The Yanmar is one of the best tractor engines out there; I doubt it will be a problem unless it has been abused. You should be able to get around 4,000 hours of use out of the engine if properly cared for, perhaps even more. 

Check the transmission to see how it shifts. Can you get it to go into gear without grinding? If not, this could indicate a stuck or improperly operating clutch. 

Normally most folks keep their machines under cover or shed and the paint, seat, and gauges look good. If not, expect problems from these areas in later life. 

Hopefully you know your friend pretty well and already have a good idea of how well he has taken care of the machine. 

The 770 is fairly close in approx. abiltiy and hp to the current Deere 790. The 790 is a pretty much bullet proof design and has many happy customers. I would think the 770 would deliver similar results. 

Hope this was not TMI and helps out with some questions.


----------



## Tim Barstow (Jun 24, 2006)

*John Deere 770*

Thanks for the information. I know this fellow very well. He has owned the tractor since new and has always kept it and the implements in a barn at his summer place. He is just not getting enough use out of the equipment and has other machinery-skidsteer,etc.

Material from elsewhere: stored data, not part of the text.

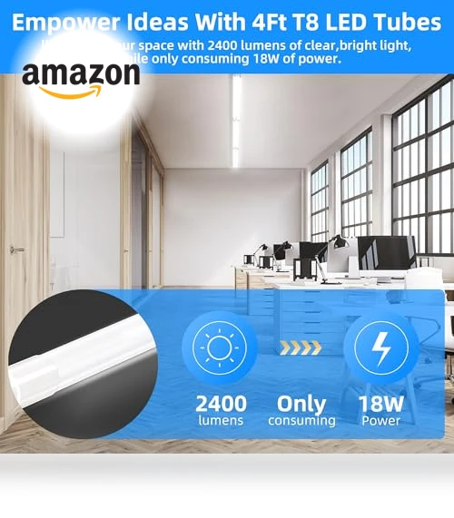 Ready to give your space a glow-up? Meet the hykolity 20 Pack 4FT LED T8 Hybrid Light Tubes. These bad boys pump out a whopping 2400 lumens of crisp, daylight white light (that's 5000K for the tech-savvy), perfect for anything from your dim garage to a bustling retail spot. And here's the kicker: they slash your energy bill by up to 55% compared to those old-school fluorescent tubes. Talk about bright ideas!
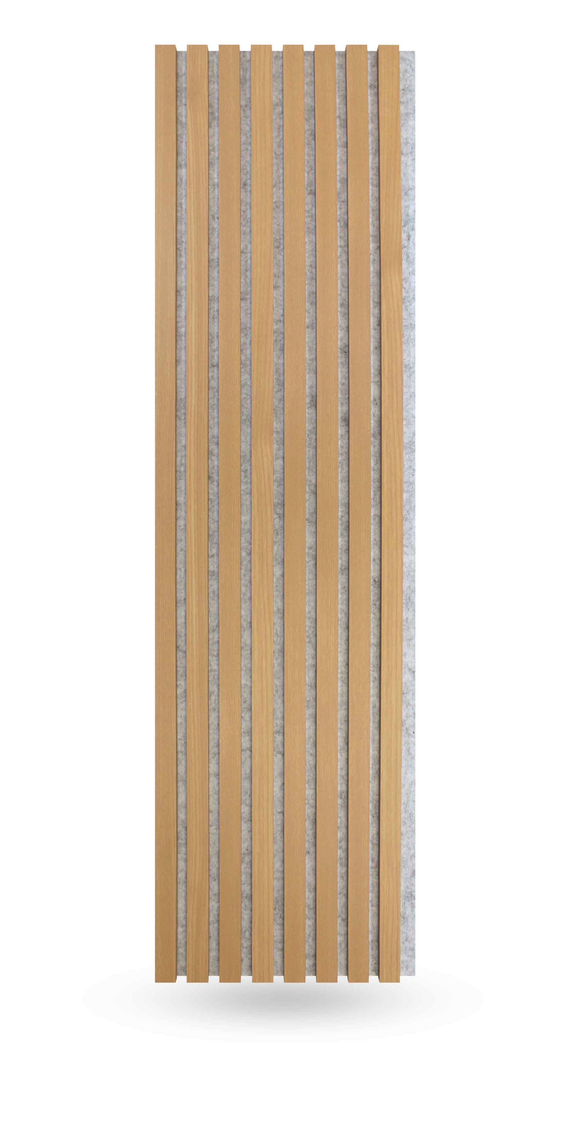 Our finest soundproofing panels, these (white felt backing)Ā natural oakĀ acoustic slat wood paneling for soundproofing walls feature unrivaled noise canceling materials. Constructed from eco-friendly MDF, the slats are fully wrapped in heavy-duty wood veneer finish. Furthermore, the white/light-gray backing is made from high-density acoustical fiber which is excellent for enhancing sound quality, increasing privacy, containing unwanted noise from escaping, and manyĀ otherĀ benefits.Ā
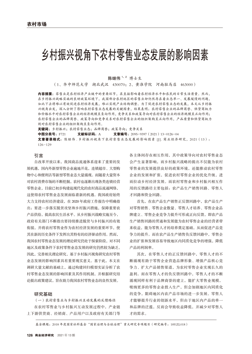 | 乡村振兴视角下农村零售业态发展的影响因素 |
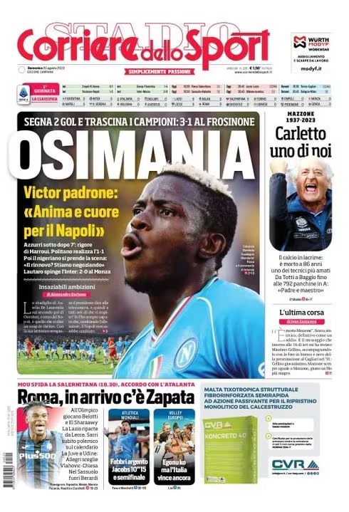 Il Corriere dello Sport, nell'edizione campana, apre con "Osimania". Segna 2 gol e trascina i campioni: 3-1 al Frosinone. Victor padrone: "Anima e cuore per il Napoli". Azzurri sotto dopo 7': rigore di Harroui. Politano realizza l'1-1. Poi il nigeriano si prende la scena: "Il rinnovo? Stiamo negoziando". Lautaro spinge l'Inter: 2-0 al Monza.
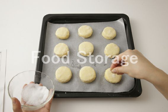 8の上からグラニュー糖をふり、180℃に予熱したオーブンで16分ほど焼き、熱いうちに好みのクリーム、ジャムをつけていただく。 |
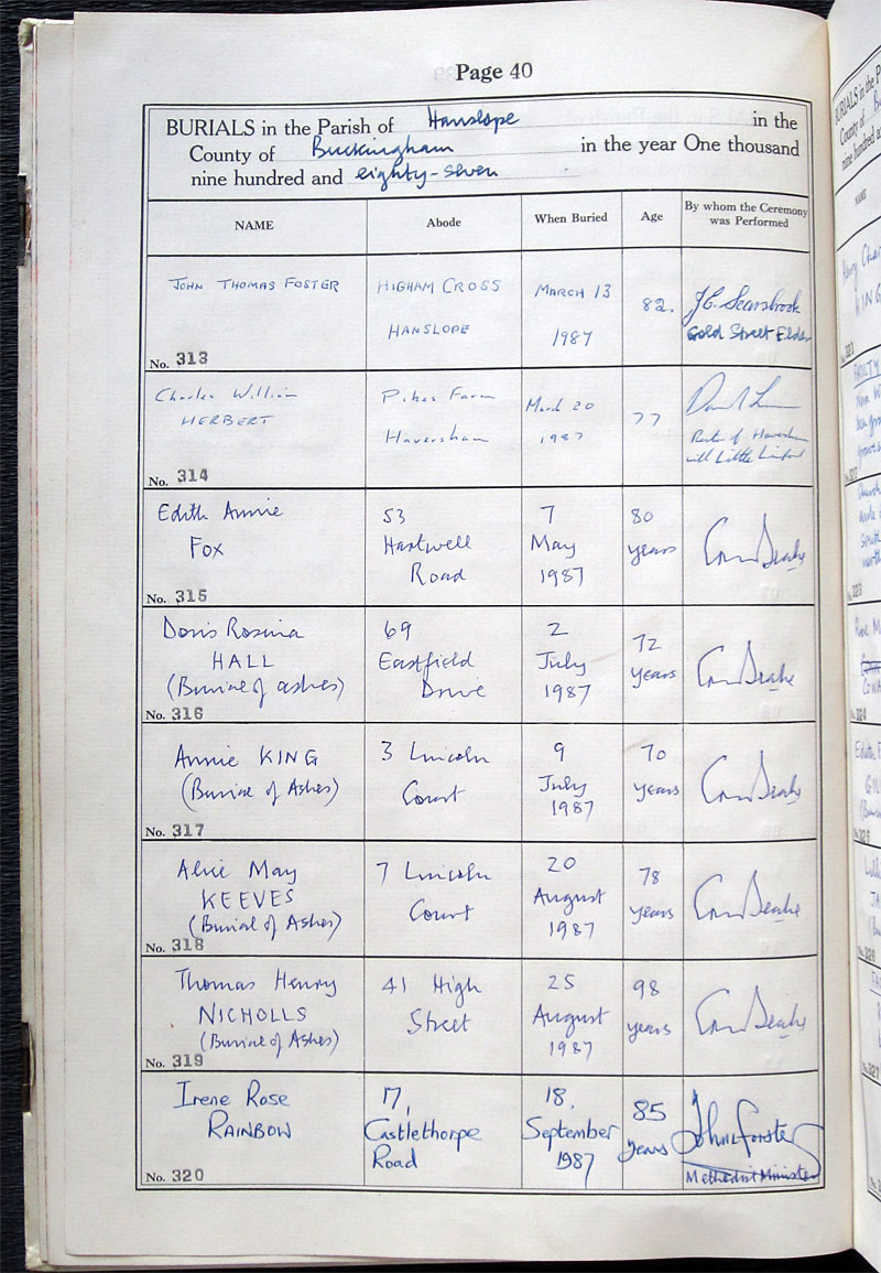 Below is a transcription and image of page 40 of the Burials 1963 onwards of St James The Great, Hanslope
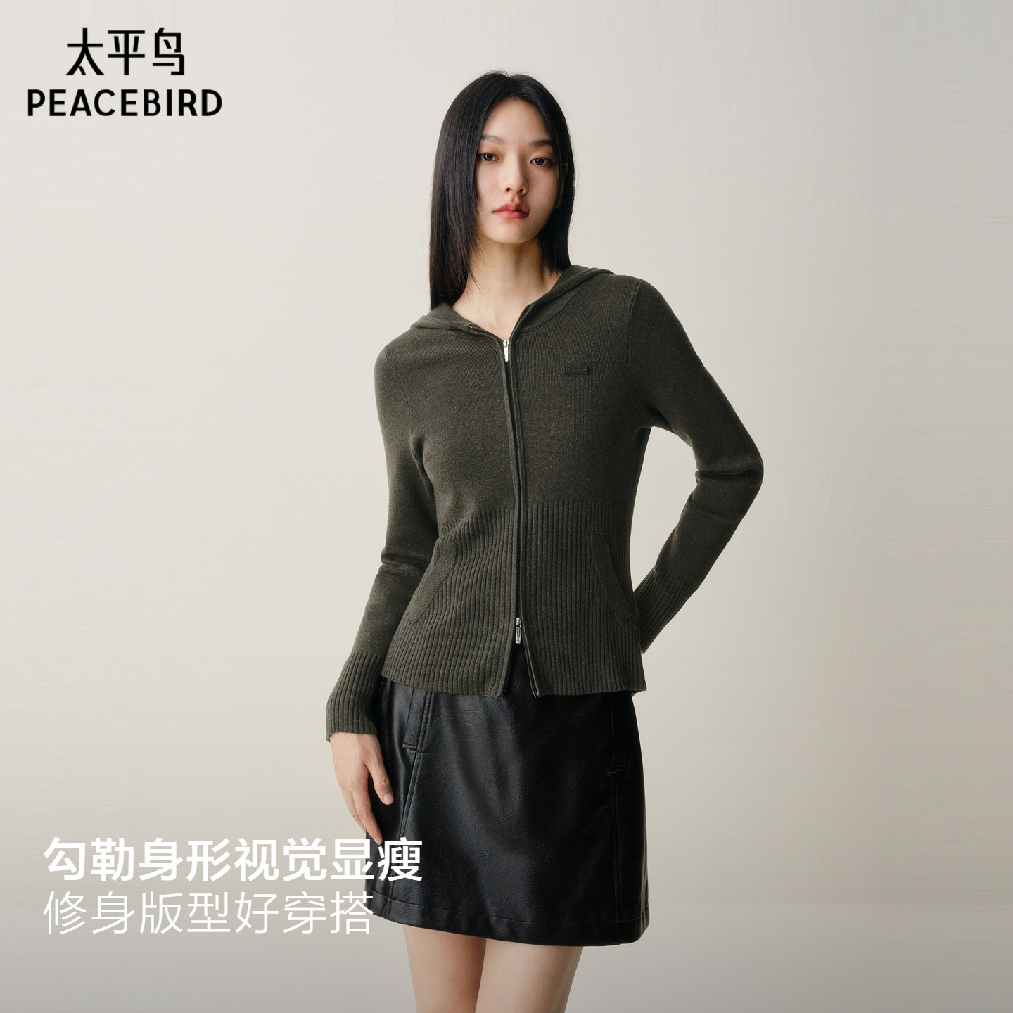 太平鸟双门襟时髦针织开衫
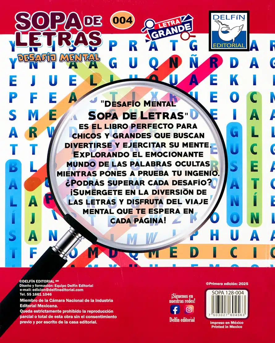 Desafío Mental – Sopa de Letras 004 es el libro perfecto para quienes disfrutan resolver retos y mantener la mente activa. Diseñado con letra grande para facilitar la lectura, incluye múltiples sopas de letras con diferentes temáticas que pondrán a prueba tu ingenio. Ideal tanto para jóvenes como adultos que buscan un pasatiempo entretenido, educativo y accesible. Cada página representa un nuevo reto que te hará ejercitar tu concentración y memoria mientras te diviertes.
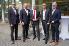 Handwerk und Politik verabschieden HWK-Hauptgeschäftsführer Andreas Katschke (v.l.n.r.): Christian Maack (stellvertretender Hauptgeschäftsführer der Handwerkskammer Lübeck), Kammer-Präsident Ralf Stamer, Kammer-Hauptgeschäftsführer Andreas Katschke, Ministerpräsident Daniel Günther sowie Holger Schwannecke, Generalsekretär des Zentralverbandes des Deutschen Handwerks (ZDH)
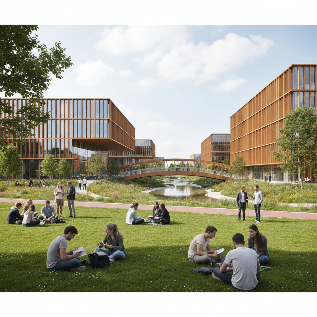Explore the minimalist vision for Utrecht Science Park. A 2030 framework for sustainable innovation, green mobility, and integrated campus life.
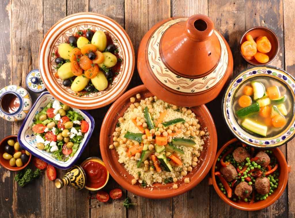 Le terme tajine désigne à la fois le plat en terre cuite et le ragoût mijoté qu’il contient. Plat emblématique de la cuisine marocaine, ce ragoût cuit lentement dans une casserole en terre cuite à la forme conique caractéristique.
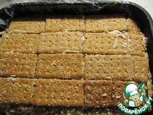 • Смазываем кремом. Посыпаем измельченным грецким орехом. Выкладываем следующий ряд и снова смазываем кремом. Последний слой кремом смазывать не надо.
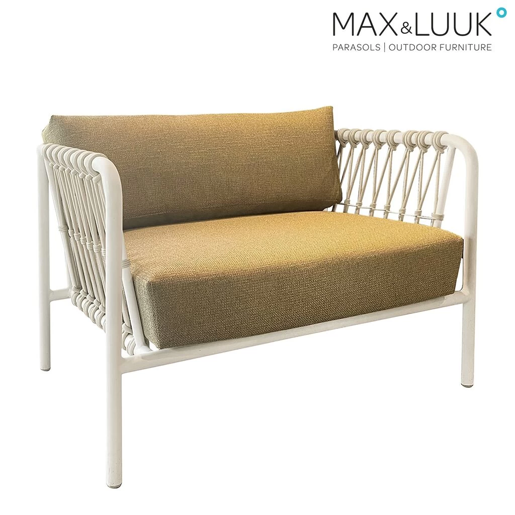 Für den Gartensessel des Herstellers Max & Luuk wird das verwendete Aluminium bei einem elektrostatischen Lackierverfahren pulverbeschichtet, sodass die Basis der Gartenmöbel ihre Farbe erhält. Um die Haltbarkeit der Beschichtung zu erhöhen, wird das Material während der Verarbeitung auf 180°C erhitzt. Gartenmöbel aus Aluminium sind besonders leicht zu reinigen, wetterfest und robust. Wir empfehlen die Nutzung von warmen Wasser und einem feuchten Tuch. Auch ein Universalreiniger kann eingesetzt werden. Säurehaltige Produkte können das Material schädigen und die Wetterbeständigkeit beeinflussen.
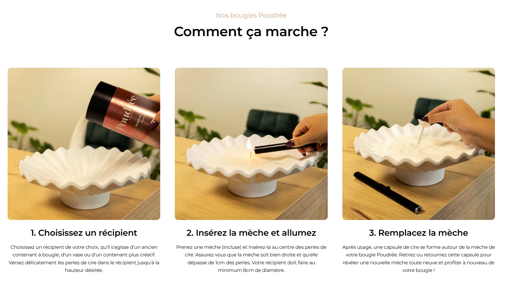 Imaginées par la marque française Poudrée Paris, ces perles de cire sont une invitation à la créativité et à la personnalisation. Elles offrent la liberté de renouveler vos bougies à l’infini, de sublimer vos contenants préférés ou d’offrir un cadeau original et raffiné.
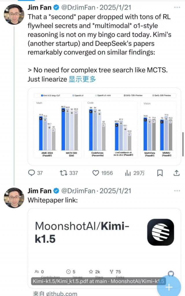 英伟达 AI 科学家 Jim Fan 第一时间发帖总结两种模式的相似性,感觉两者都简化了加强学习框架,同时提高了推理性能和效率,评价了两家公司发表的技术论文,都可以称之为“沉重”的水平。
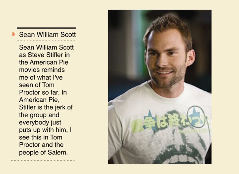 Sean William Scott as Steve Stifler in the American Pie movies reminds me of what I've seen of John Proctor so far. In American Pie, Stifler is the jerk of the group and everybody just puts up with him, I see this in John Proctor and the people of Salem.
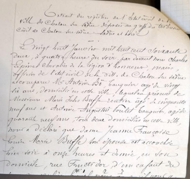 le 27 janvier 1862 à CHALON-sur-SAÔNE (Saône-et-Loire) - Décédé en
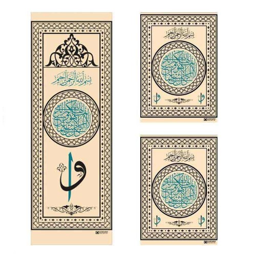 Storlu Minber Perdesi Elif ve Vav Desenli 3 Lü Takım - Bej
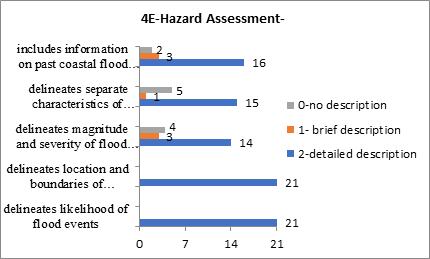 Figure 21 illustrates the Hazard Assessment criterion which includes the likelihood of flood events, location and boundaries of hazardous areas, magnitude and severity of flood hazards and information on past coastal flood events. As Figure 21 shows, all of the HMPs provide detailed descriptions on the boundaries of hazardous areas using geographical information, and the likelihood of flood events by determining the return period and probability of occurrence.
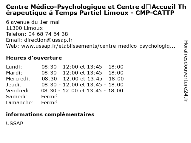 Termes de recherche pour Centre Médico-Psychologique et Centre d’Accueil Thérapeutique à Temps Partiel Limoux - CMP-CATTP:et, limoux, hebergement, centre, temps, santé, social, cmp, etablissement, aide, d’accueil, médico, partiel, psychologique, thérapeutique, cattp |
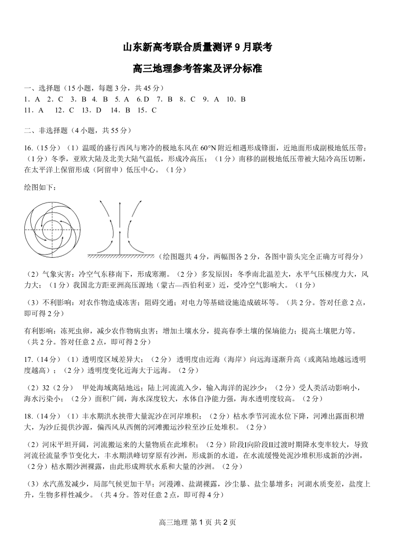 山东省新高考联合质量测评2025届9月联考试题地理答案
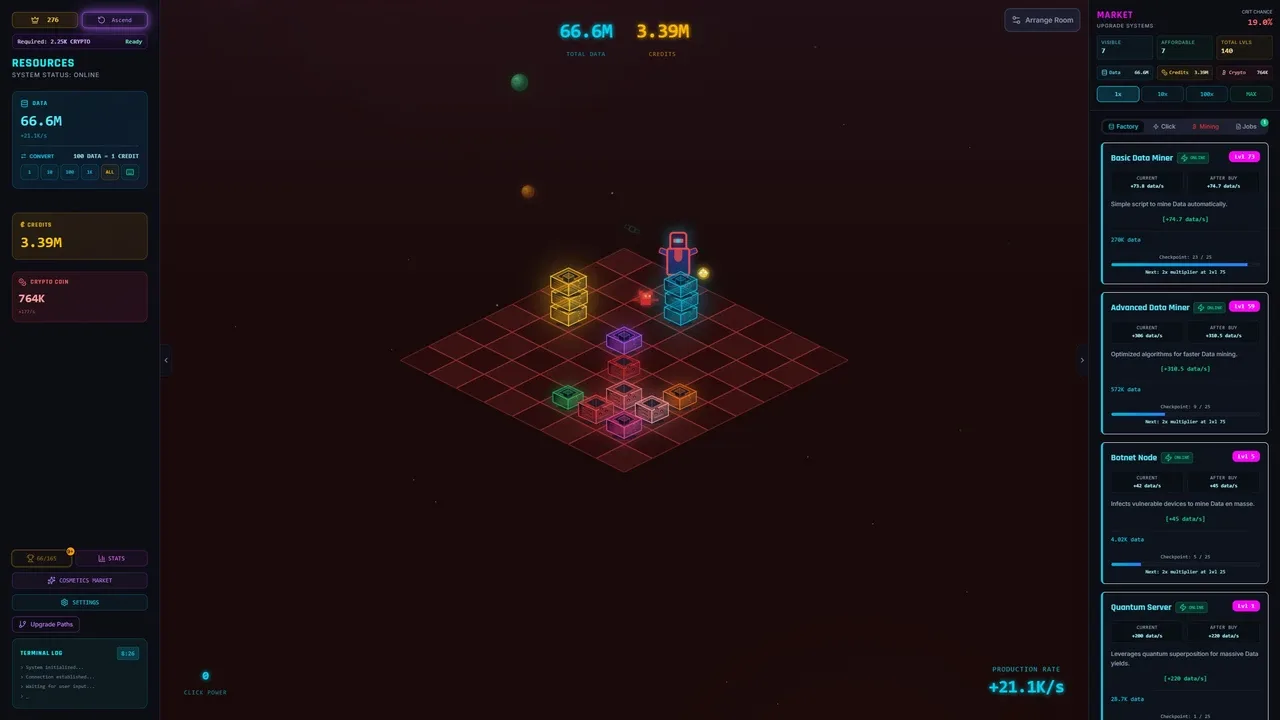 Featuring neon-styled visuals, escalating difficulty systems and reactive mechanics, DataFall challenges players to balance greed, efficiency and survival.
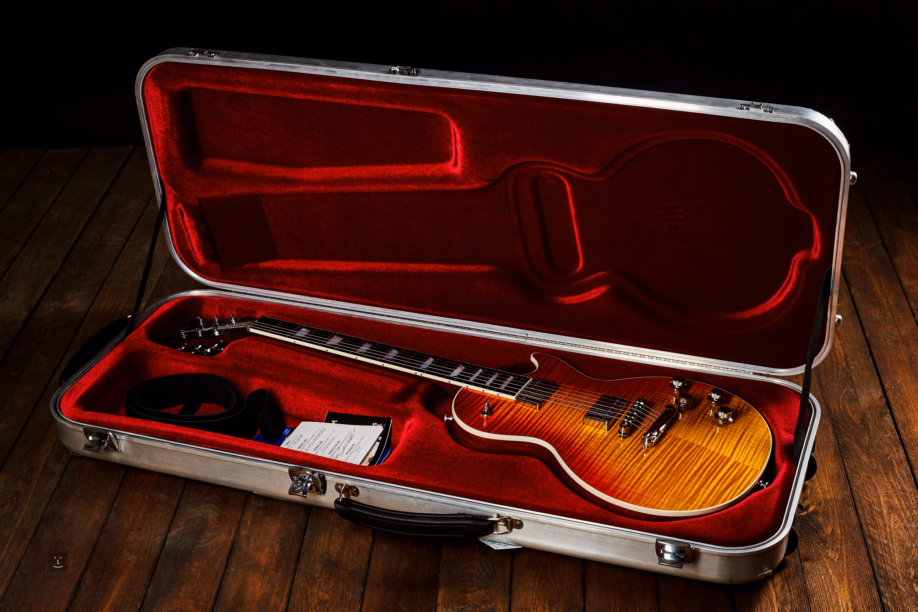 L'ensemble de la guitare est richement équipé, mais a également un look superbe, qui est particulièrement accentué par la luxueuse table d'harmonie en érable flammé AAA+. Le luxueux étui à roulettes en aluminium brossé est également un ajout de bon goût.
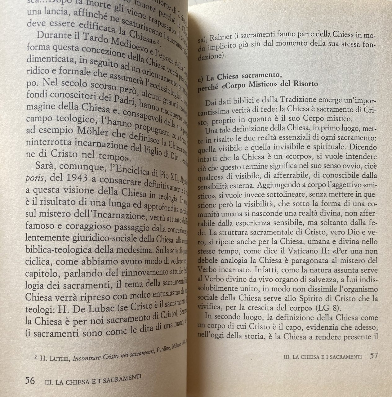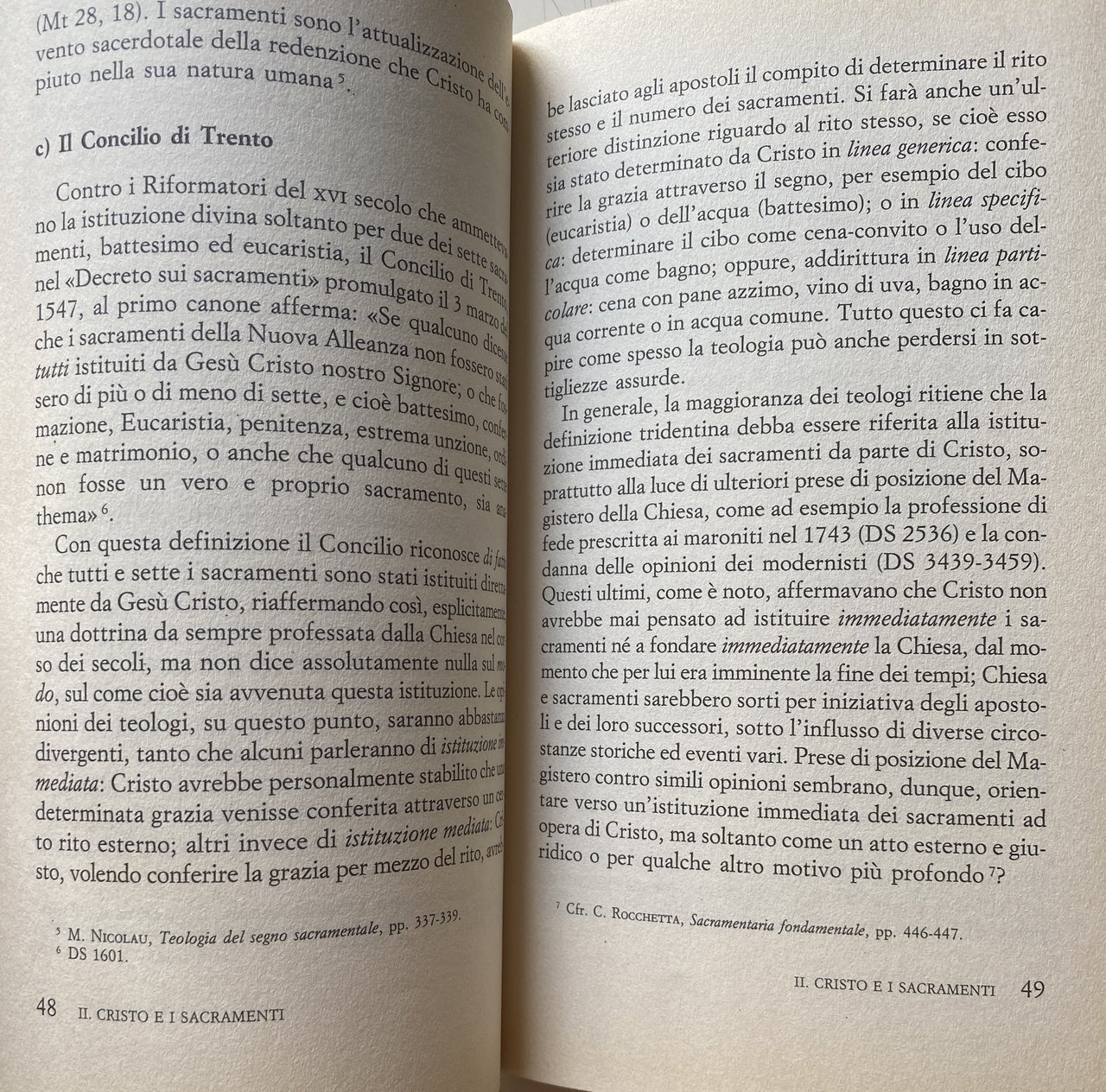 INTRODUZIONE. Di che cosa si occupa la teologia dei sacramenti? Uno dei maggiori teologi contemporanei, Karl Rahner, ponendosi anch'egli la stessa domanda, risponde elencando i seguenti temi: 1 origine cristica dei sacramenti, in che senso cioè i sacramenti sono stati istituiti da Gesù Cristo; 2 il rapporto tra i singoli sacramenti, segni del mistero di Cristo, sacramento originario, con la Chiesa, sacramento universale; 3 il modo in cui i sacramenti conferiscono all'uomo la grazia che essi significano (causalità dei sacramenti). Questi tre principali argomenti, però, non costituiscono tutta la teologia sacramentaria, di solito infatti essi vengono affrontati dai trattati in quella prima parte che va sotto il nome di De sacramentis in genere, e che altro non è che una riflessione generale sugli aspetti comuni a tutti i sacramenti meglio conosciuta come Sacramentaria Fondamentale. ...

He is looking on the net to set a price and is going to get back to me. Thanks again for all of your valuable assistance.
Tim


----------



## Live Oak (Dec 22, 2003)

Here are some 770 listings for sale. Just remember that the dealer's price is marked up between 20 to 35% when sold off the dealer lot. Not so when you purchase from a private seller. Anyhow, just wanted to give you an idea of price ranges.

John Deere 770's For Sale


----------



## Tim Barstow (Jun 24, 2006)

Thanks again Chief for the additional information. I am waiting for my friend to get back to me after the holiday weekend.
Tim


----------



## Archdean (Jul 15, 2004)

Just a note of information about dealer markup (normally about 12 to 20%)!! Most sellers arrive at their asked for selling price by visiting dealers lots!! There by arriving at a figure based on a false pretense!! I'll explain!
1. A private seller generally has no other reference point.
2. He does not have to warrant anything for any period of any time!
3. He pays no expense to fix anything that might be a-miss, I.E. replace battery, tune engine/ replace filters/change oil /hyd fluid/nor adjust anything else!!

While a friend can and often does offer a terrific deal: BUT if he is asking the same or greater than a dealer for a similar like product , my advice is go with the dealer, you have a leg up providing you get all promised in writing!! On the contrary many friendships have landed upon the ash heap of disaster over great deals!!

Let's be fair here ( a dealer has every legitimate right to refuse your request to have a private party deal (gone back wards) I.E. refuse to repair your machine/ and or perform any maintenance work)!!

Use your best judgment and your mileage may vary!! Best of luck what ever you decide to do!!


----------